AHC: “social credit” money parallels regular money in U.S. by 2018

GeographyDude

Gone Fishin'
Nixon's Family Assistance Plan (FAP) drew a lot from Milton Friedman's ideas regarding a negative income tax.

And the Earned Income Credit passed by Congress in 1975 takes major aspects of this. The credit increases as wages increase, up to a point, then rides a plateau, and then slowly phases out. The really big dollar amounts are for persons living with related children, or a foster child officially placed.

Now, if we combined this with overtime provisions which aggressively encouraged companies to spread out available jobs, we might really be on to something! :p
 
Now, if we combined this with overtime provisions which aggressively encouraged companies to spread out available jobs, we might really be on to something!

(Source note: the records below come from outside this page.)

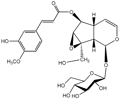 COc1ccc(/C=C/C(=O)O[C@H]2[C@@H]3C=CO[C@@H](O[C@@H]4OC(CO)[C@@H](O)C(O)[C@@H]4O)[C@@H]3[C@@]3(CO)O[C@@H]23)cc1O |
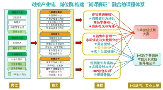 市场营销专业始建于2010年,拥有结构合理、教学经验丰富的“双师型”师资队伍,通过多年来的专业建设与发展,市场营销专业在人才培养定位、课程体系构建、教学内容、教学方法改革、培养手段改进、校内外实训基地建设、企业合作等各方面都有了明显的进步,打造了专业特色“团队pk”互动式教学模式以及“一体二元三师四融合”现代学徒制人才培养模式,确保了人才培养的质量,就业率100%,得到合作企业的一致好评。
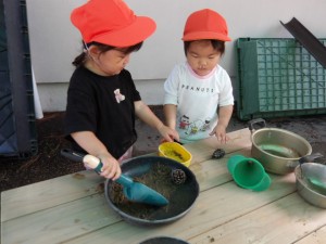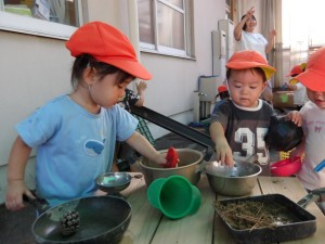 外でのままごとは久しぶりでしたが、以前よりも友だちとのやり取りが増えたり、道具の使い方が上手になっていたり、遊び方が変わっていたりと成長している姿を感じました✨
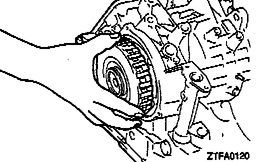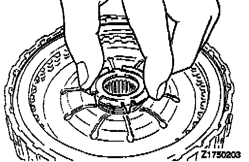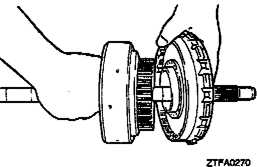 48. Install the clutch assembly and kickdown drum into the transaxle case at the same time.

If you want to encourage a greater number of positions, you're going to have to lower to expected externalities/per-position expenses. For example, employer-provided health insurance plans are liable to be removed, and training costs will be increasingly expected to be unloaded onto the educational system. Now, its possible you could have a tax credit made available for citizens to privately fund this, or introduce practices like public-private job training certification programs in community collages and create public insurence pools, but these would require significant funding that's liable to cut into the available money for social credit. Especially since a broader spreading of wages means a lower percentage of total economic activity is taking place in higher-rate tax brackets.
 
easy pod to get a basic income/UHC: the advisor who convinced nixon in otl both weren't good ideas somehow rubs him the wrong way on first introduction. we get both in 1969-70. Sure, taxes get raised a bit t pay for it but well 1) no nixon screwing with keynesian money system 2) no absurd social security cost of living raises 3) less inflation as a result
 

GeographyDude

Gone Fishin'
. . . these would require significant funding that's liable to cut into the available money for social credit. . .
I mean, social credit “dollars” for volunteer work which I do, and which I can then “spend” to hire other volunteers to do my yard work, maybe even help me write a letter and a follow-up phone call to my insurance company, maybe a tutor for learning guitar, etc.

It’s healthy activities when we have more time on our hands.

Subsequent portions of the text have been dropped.